Tanaka drums his fingers against his coffee mug, well-trimmed nails tap-tapping against the ceramic. He arranges his face into something thoughtful, but it doesn’t suit him.

“I’m sure if you asked Mr. Akechi, he’d be happy to enlighten you as to... the harsh realities. One kid that’s not even yours, that’s an act of charity. The second, well. We know you weren’t feeling charitable when you cashed the check to look after the delinquent. But three, Mr. Sakura. Three starts looking an awful lot like a collection.”

Sojiro forces himself to maintain eye contact with awful sunglasses. “I don’t have custody and I don’t want it.”

“That’s worse.” Tanaka clucks his tongue like a disappointed granny.

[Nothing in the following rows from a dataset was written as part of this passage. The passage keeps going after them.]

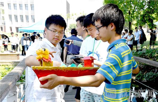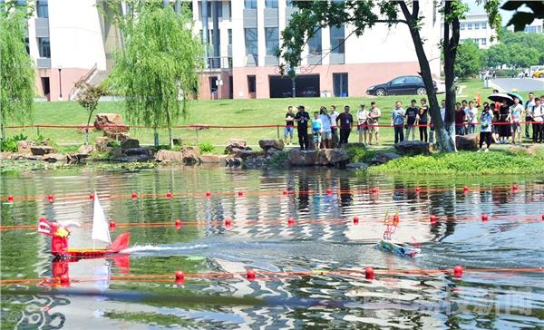 本次混凝土龙舟赛由竞速赛、障碍赛两部分组成,一声枪响,装饰一新的混凝土龙舟在学生们的遥感控制下不仅能在水面上破浪前进,还能在行进中绕过障碍物,让人大开眼界。大赛还吸引了海外留学生的积极参与,来自科摩罗、东帝汶等海外留学生也制作了中国文化色彩浓厚的参赛作品。
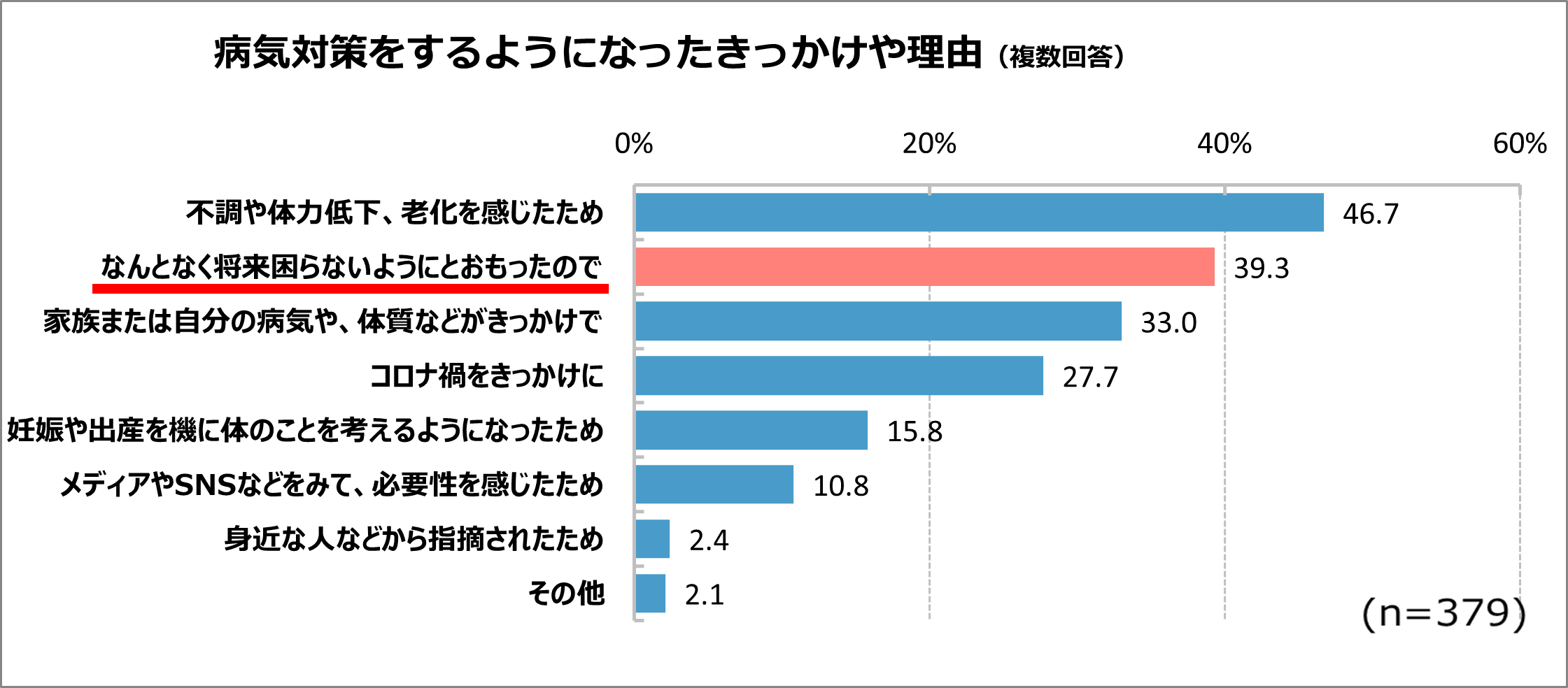 ●病気にならないように対策や予防を行う背景。4割が「なんとなく将来困らないように」
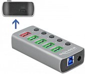 USB хъбът от DeLock е с метален корпус и може да бъде свързан към компютър чрез USB-A интерфейс. Той разширява портовете на компютъра с 4 USB-A порта. Свързаните устройства могат да се зареждат или да прехвърлят данни със скорост до 5 Gbps. Всеки порт може да се включва или изключва индивидуално с помощта на превключвателите. USB-A портовете имат рамка, която светва веднага щом портът бъде активиран. Предвиден е и допълнителен USB-A порт за бързо зареждане, който предлага възможност за зареждане на устройства с до 2.4 A. Характеристики: конектори: 1 x SuperSpeed USB-B (USB 3.2 Gen 1) female 4 x SuperSpeed USB-A ... |
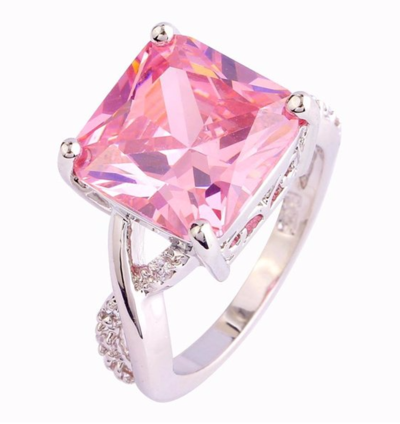 Sterling Silver Gorgeous 12mm*12mm Princess Cut Pink topaz Filled Ring

“I know who sent you. You know I know who sent you. Why the BS? Don’t tell me he cares about the welfare of some brat he put out a hit on.”

“You’re interfering.”

Interfering ‘hardcore,’ as Futaba would say. It’s all come pretty cheap, to be honest. Sojiro might not have been the friendliest government agent around, but he was always scrupulously fair and forthright. That earned him a lot of kudos in the slime-pond of politics full of swimmers like Quote-Tanaka-Unquote. When he said that people were on a hitlist and needed to be quietly relocated, relocated they got. At least one is in America by now.

“Tell me something,” says Sojiro as he writes up the man’s bill and slides it across the bar. “Did he get a lackey to stomp the kid’s windpipe, or did he do that one himself?”

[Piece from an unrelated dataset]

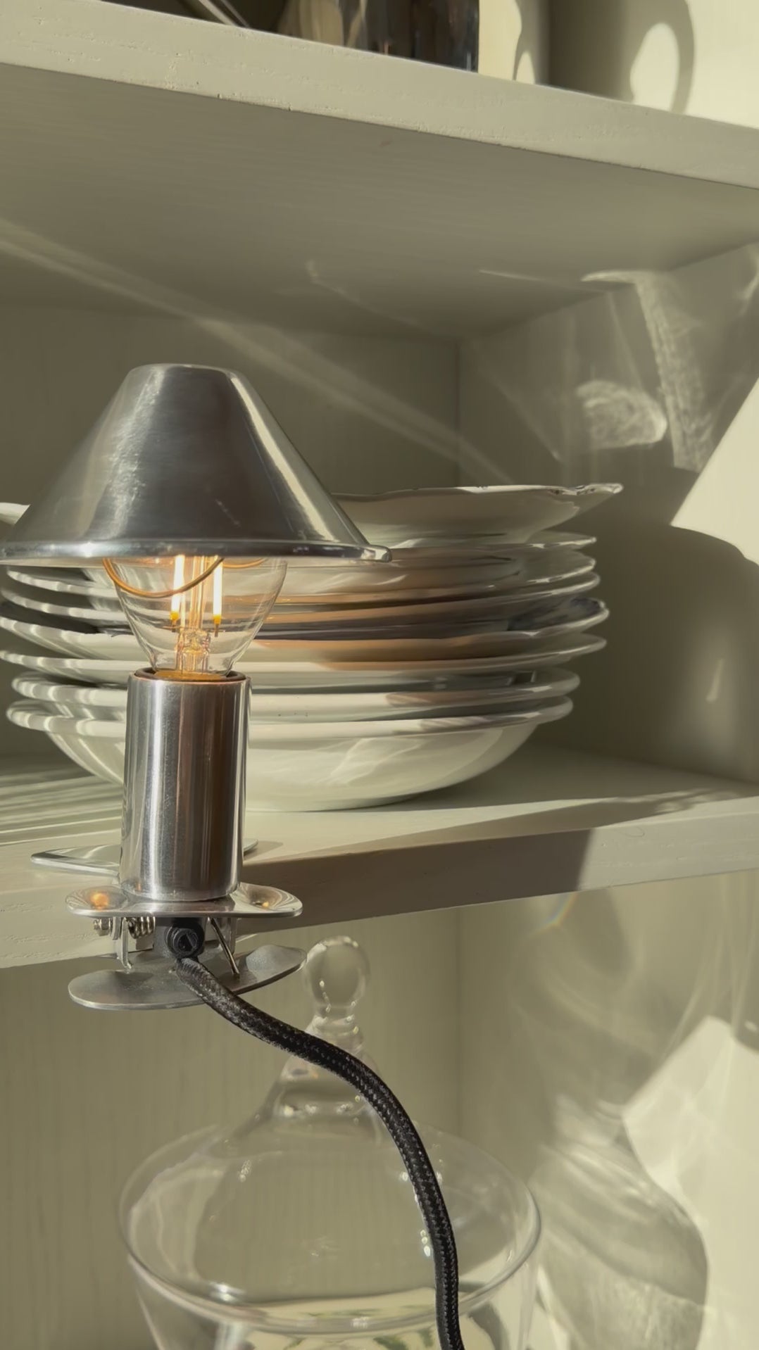 Fin lille klemmelampe fra Frankrig med den fine detalje at skærmen sættes fast på selve pæren. Klemmes fast på en hylde, en bunke bøger, reolen, vindueskarm eller hvor man lige synes det kunne være hyggeligt med lidt ekstra lys.

Tanaka’s lips thin. “I don’t know what you’re implying.”

“I know you know. I know you know I know, right? Be a god damn wrench in the works if a story like that happened to get published before the election.”

“You can’t threaten us,” says Tanaka.

“I can and I will.” _But why_ , moans the retiree who lives inside Sojiro and doesn’t deserve to get knocked down and kneecapped like this, again and again. “Fuck your games. I don’t play them and I never have, but you don’t screw around with my kids. Any of my kids. Tell your boss to leave us alone.”

It’s a gamble. Even if it pays off, it’s not going to buy them a lot of time. But maybe Shido doesn’t want to show too many hands to his underlings. Or maybe Sojiro is digging himself an incredibly shallow grave.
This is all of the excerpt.